__EXERCISE DIRECTIONS__. Extract the first line through the line containing "Friends 1litre heavyoiling" from the listing below, exactly as written.

- - - -

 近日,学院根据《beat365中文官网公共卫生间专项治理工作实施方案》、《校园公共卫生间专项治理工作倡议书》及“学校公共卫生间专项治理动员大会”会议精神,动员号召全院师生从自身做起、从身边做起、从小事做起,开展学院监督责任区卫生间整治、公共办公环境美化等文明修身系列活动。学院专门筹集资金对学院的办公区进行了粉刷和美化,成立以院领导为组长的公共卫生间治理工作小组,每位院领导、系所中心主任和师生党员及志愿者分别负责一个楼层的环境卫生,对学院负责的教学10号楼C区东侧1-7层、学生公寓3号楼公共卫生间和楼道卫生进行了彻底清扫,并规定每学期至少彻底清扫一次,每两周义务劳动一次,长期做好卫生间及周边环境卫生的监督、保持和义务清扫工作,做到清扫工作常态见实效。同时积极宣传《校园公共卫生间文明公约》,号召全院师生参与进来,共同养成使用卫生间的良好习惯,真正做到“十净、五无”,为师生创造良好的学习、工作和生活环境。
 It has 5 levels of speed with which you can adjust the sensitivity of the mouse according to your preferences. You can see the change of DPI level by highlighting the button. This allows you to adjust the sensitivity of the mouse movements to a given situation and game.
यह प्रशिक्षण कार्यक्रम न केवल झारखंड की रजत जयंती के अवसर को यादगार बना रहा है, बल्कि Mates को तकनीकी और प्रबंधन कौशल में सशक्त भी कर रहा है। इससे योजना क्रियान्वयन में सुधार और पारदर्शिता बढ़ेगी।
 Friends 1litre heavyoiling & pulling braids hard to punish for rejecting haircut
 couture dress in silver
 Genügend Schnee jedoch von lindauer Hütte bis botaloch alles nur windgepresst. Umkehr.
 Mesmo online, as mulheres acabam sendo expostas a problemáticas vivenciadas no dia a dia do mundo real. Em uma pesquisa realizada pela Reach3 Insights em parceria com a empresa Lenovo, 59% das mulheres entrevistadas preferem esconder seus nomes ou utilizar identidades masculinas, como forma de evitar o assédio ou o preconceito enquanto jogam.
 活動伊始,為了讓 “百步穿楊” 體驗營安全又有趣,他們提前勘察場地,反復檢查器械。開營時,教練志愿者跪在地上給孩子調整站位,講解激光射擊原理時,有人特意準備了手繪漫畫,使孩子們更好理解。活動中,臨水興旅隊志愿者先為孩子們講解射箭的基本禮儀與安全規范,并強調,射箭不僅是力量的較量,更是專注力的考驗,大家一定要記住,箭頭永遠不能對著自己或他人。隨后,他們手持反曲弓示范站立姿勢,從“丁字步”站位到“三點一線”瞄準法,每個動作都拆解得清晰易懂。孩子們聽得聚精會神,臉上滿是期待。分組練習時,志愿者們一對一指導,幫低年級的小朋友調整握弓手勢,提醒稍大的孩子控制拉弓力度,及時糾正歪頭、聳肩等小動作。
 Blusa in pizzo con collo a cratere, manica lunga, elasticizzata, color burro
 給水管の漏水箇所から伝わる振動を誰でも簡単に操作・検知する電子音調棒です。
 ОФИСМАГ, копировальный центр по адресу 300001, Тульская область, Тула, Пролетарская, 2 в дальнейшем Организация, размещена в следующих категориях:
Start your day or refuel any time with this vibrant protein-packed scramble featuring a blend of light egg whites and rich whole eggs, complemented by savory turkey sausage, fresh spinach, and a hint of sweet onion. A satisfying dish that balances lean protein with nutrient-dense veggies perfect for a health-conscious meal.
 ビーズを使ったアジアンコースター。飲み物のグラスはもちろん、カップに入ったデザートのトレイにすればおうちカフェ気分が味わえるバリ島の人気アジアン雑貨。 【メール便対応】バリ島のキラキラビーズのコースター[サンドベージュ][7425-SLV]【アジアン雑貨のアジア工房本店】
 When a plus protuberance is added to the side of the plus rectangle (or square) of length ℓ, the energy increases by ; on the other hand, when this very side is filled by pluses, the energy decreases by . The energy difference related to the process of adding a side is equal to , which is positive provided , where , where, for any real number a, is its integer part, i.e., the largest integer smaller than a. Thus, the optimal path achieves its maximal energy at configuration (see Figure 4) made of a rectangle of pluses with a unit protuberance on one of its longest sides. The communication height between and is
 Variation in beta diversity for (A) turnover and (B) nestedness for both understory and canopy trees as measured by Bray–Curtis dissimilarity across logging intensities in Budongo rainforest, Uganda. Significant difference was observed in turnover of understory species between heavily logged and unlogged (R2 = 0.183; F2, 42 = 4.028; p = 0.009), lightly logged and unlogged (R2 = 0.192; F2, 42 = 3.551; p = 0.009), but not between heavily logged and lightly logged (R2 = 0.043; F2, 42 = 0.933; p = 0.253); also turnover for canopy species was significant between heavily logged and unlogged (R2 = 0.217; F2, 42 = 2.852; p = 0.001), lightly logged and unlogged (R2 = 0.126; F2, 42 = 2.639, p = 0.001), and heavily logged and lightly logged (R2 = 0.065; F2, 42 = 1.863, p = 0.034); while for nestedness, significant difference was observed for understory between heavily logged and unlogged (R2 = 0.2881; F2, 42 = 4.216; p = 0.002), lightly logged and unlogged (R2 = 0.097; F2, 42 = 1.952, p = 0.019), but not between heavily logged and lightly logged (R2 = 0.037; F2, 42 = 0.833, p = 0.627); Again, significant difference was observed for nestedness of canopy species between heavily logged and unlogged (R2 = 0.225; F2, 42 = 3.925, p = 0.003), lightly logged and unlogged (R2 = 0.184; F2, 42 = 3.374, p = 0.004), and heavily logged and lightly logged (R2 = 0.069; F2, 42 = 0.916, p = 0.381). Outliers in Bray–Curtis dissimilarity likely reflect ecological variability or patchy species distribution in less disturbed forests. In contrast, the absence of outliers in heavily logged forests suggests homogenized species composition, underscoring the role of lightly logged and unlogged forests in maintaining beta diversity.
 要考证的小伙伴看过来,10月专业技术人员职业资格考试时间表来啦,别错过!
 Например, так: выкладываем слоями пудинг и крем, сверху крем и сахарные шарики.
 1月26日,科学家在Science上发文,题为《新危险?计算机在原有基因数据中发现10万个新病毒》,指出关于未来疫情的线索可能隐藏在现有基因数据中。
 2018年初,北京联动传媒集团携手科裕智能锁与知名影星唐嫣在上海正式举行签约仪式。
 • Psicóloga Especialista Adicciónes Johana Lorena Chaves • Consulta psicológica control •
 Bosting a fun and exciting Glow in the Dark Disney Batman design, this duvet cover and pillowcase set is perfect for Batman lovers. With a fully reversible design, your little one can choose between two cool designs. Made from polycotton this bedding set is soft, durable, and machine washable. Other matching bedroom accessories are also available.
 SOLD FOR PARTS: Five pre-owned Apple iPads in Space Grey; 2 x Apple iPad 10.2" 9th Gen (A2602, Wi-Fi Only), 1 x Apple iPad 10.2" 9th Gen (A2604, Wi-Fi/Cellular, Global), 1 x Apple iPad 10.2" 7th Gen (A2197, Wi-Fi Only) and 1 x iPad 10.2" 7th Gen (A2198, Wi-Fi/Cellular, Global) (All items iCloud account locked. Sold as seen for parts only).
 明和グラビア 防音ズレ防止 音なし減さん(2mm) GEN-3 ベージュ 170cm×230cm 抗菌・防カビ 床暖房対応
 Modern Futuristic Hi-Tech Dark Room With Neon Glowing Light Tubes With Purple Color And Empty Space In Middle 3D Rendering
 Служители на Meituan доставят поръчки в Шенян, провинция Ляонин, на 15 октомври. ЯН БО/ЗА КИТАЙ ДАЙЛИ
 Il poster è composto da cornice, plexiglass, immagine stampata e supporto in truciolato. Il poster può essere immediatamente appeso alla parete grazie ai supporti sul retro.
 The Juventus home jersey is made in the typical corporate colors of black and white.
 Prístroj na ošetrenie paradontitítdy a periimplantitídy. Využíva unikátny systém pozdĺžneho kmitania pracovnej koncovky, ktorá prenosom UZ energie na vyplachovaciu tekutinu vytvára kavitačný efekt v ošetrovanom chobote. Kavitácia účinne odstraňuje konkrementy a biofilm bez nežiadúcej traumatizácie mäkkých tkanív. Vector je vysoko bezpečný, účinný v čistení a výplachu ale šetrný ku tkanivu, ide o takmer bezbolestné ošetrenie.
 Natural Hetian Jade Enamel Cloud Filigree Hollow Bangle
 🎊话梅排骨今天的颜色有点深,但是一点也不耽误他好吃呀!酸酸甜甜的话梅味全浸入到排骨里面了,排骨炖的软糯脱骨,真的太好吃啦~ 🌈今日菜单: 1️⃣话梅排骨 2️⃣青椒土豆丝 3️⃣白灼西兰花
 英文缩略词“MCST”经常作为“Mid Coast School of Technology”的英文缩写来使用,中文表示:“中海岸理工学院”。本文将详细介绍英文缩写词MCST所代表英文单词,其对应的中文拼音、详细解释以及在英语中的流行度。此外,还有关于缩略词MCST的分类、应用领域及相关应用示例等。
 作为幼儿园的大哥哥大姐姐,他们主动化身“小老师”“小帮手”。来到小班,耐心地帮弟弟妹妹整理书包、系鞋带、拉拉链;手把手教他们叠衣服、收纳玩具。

- - - -

__EXERCISE OUTPUT__.
 近日,学院根据《beat365中文官网公共卫生间专项治理工作实施方案》、《校园公共卫生间专项治理工作倡议书》及“学校公共卫生间专项治理动员大会”会议精神,动员号召全院师生从自身做起、从身边做起、从小事做起,开展学院监督责任区卫生间整治、公共办公环境美化等文明修身系列活动。学院专门筹集资金对学院的办公区进行了粉刷和美化,成立以院领导为组长的公共卫生间治理工作小组,每位院领导、系所中心主任和师生党员及志愿者分别负责一个楼层的环境卫生,对学院负责的教学10号楼C区东侧1-7层、学生公寓3号楼公共卫生间和楼道卫生进行了彻底清扫,并规定每学期至少彻底清扫一次,每两周义务劳动一次,长期做好卫生间及周边环境卫生的监督、保持和义务清扫工作,做到清扫工作常态见实效。同时积极宣传《校园公共卫生间文明公约》,号召全院师生参与进来,共同养成使用卫生间的良好习惯,真正做到“十净、五无”,为师生创造良好的学习、工作和生活环境。
 It has 5 levels of speed with which you can adjust the sensitivity of the mouse according to your preferences. You can see the change of DPI level by highlighting the button. This allows you to adjust the sensitivity of the mouse movements to a given situation and game.
यह प्रशिक्षण कार्यक्रम न केवल झारखंड की रजत जयंती के अवसर को यादगार बना रहा है, बल्कि Mates को तकनीकी और प्रबंधन कौशल में सशक्त भी कर रहा है। इससे योजना क्रियान्वयन में सुधार और पारदर्शिता बढ़ेगी।
 Friends 1litre heavyoiling & pulling braids hard to punish for rejecting haircut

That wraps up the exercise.